6. File a police report
This step may seem like overkill, and it’s not as if detectives are going to doggedly hunt down the guy who used your card to buy a TV.
“Ninety-nine times out of a hundred, nothing else is going to happen after you file that report,” Douglas says.
Still, having that paperwork and police report number can come in handy if you become a victim of full-blown identity theft. Douglas recommends filing a report with the FTC while you’re at it. The FTC recently launched a site that helps guide you through the process.
“Maybe someday you get a call and they say you’re three months behind on your mortgage, and you’re like, ‘What mortgage?’” Douglas says. “It’s going to be tremendously to your benefit if you can say you’re a victim of identity theft, you’ve filed a police report, you’ve filed an FTC report and here’s all your paperwork.”
7. Consider a credit freeze
A credit freeze is somewhat of a nuclear option, as it involves completely locking down your credit so that no new accounts can be opened in your name (even by you). Although some states require the associated fees to be waived, you’ll generally have to pay to instate a freeze and lift it.
However, the idea of a stranger slithering their way into your identity far enough to use your credit card may very well have you considering the kill-it-with-fire method.
Experian’s ProtectMyID service handles about 27,000 cases of identity theft per year, Bruemmer says. About 30 percent of those involve credit card fraud. So, the fact that someone used your card number doesn’t automatically mean full-blown identity theft (the kind where a thief can apply for cards and mortgages under your Social Security number). Out of all those who use Experian’s identity-protection products, only about 2 to 3 percent ultimately end up placing a freeze on their credit, Bruemmer says.

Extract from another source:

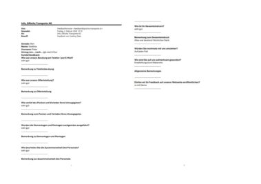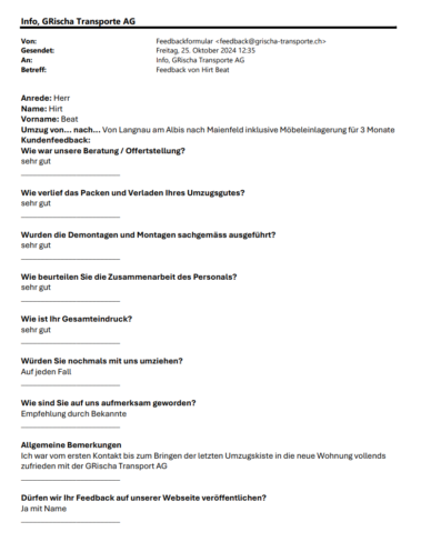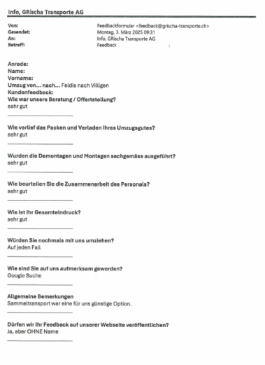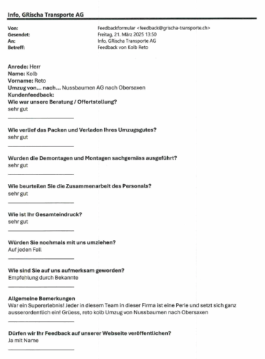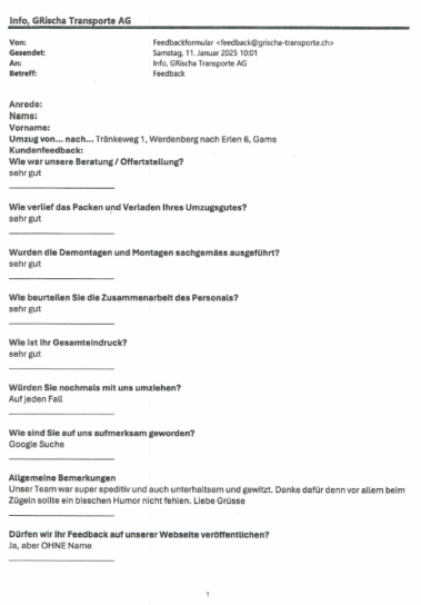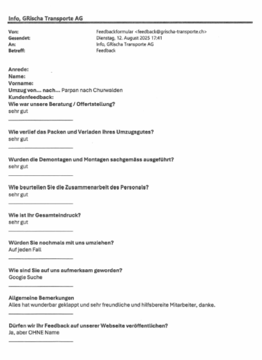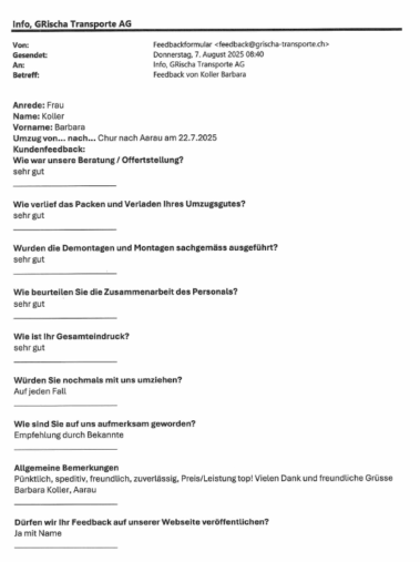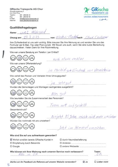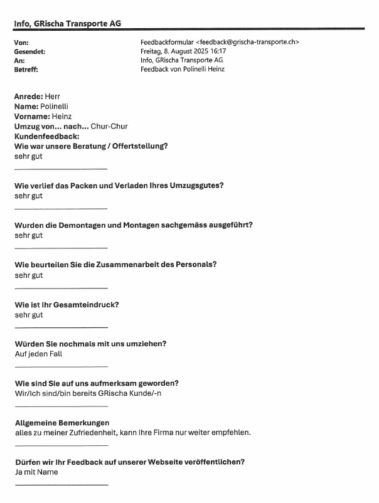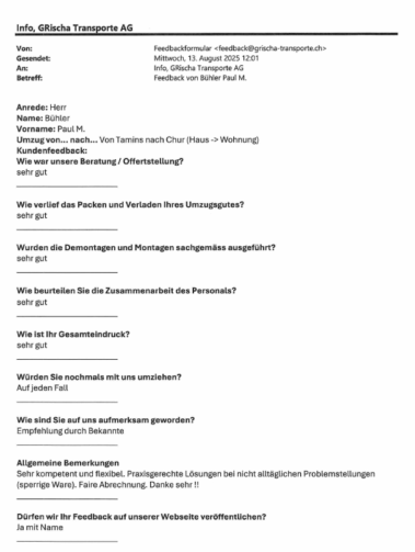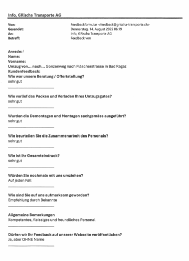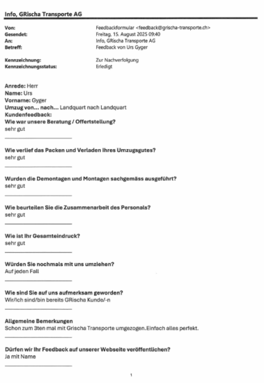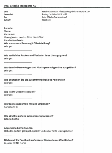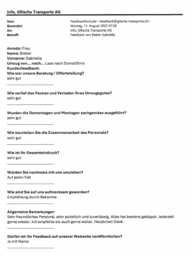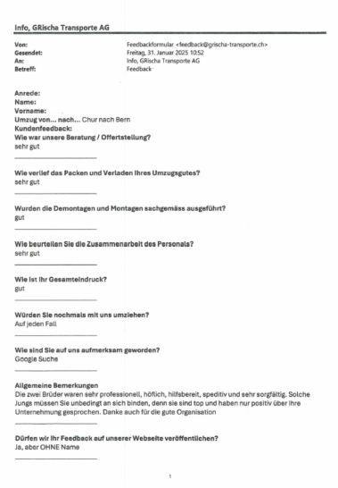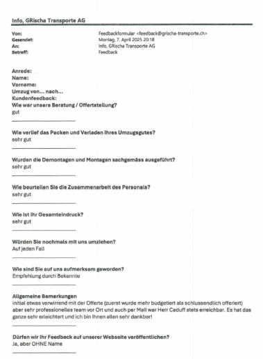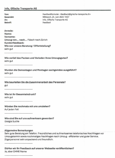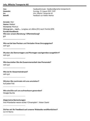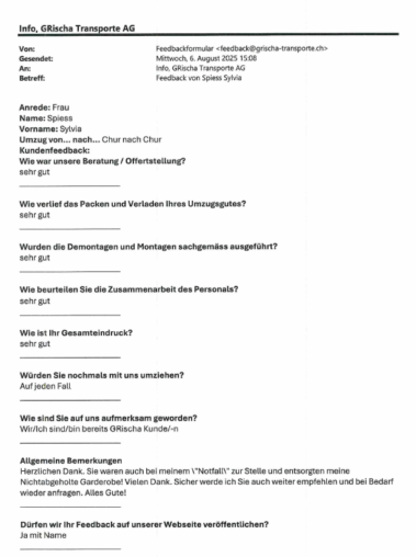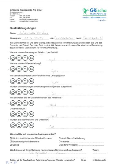 Wir bitten alle unsere Kunden um ein ehrliches Feedback zu unserer Arbeit. Nur so können wir unsere Dienstleistungen stetig verbessern und unser Angebot den Kundenvorstellungen anpassen. Lesen Sie hier die aktuellsten Feedbacks unserer Kundschaft.

“A security freeze would be two or three steps down the line, when you have evidence of full identity theft, Bruemmer says.
Plus, while a fraudulent charge on your card may have you fearing the worst, many thieves, Bruemmer says, are content with one-off card fraud, since it’s a relatively low-risk crime with a quick dollar return.
“Most financial institutions aren’t going after credit card fraudsters doing it one time,” he says.
Even so, the decision of whether to place a freeze is personal – and the only way to protect yourself from new-account fraud, Douglas points out.
“Could [a fraudulent transaction] be an indication of a larger problem? The answer is ‘absolutely,’” Douglas says.
Douglas notes that many industry professionals have come to see card fraud as a “routine” nuisance — and not on par with devastating blow of full identity theft.
“For the victim, though, they don’t see the difference,” Douglas says. “They know somebody used their card number. So I still consider that identity theft. If you’re using my credit card to buy something and you’re not me, you’ve used my identity. Our financial and personally identifiable information, that’s who we are.”
If you do go for the powerful protection of a credit freeze, keep in mind that, while it offers protection against new-account fraud, it offers no protection for already-compromised accounts. So continue to monitor your card transactions.
“Any of your existing accounts can still be manipulated or used,” Bruemmer says.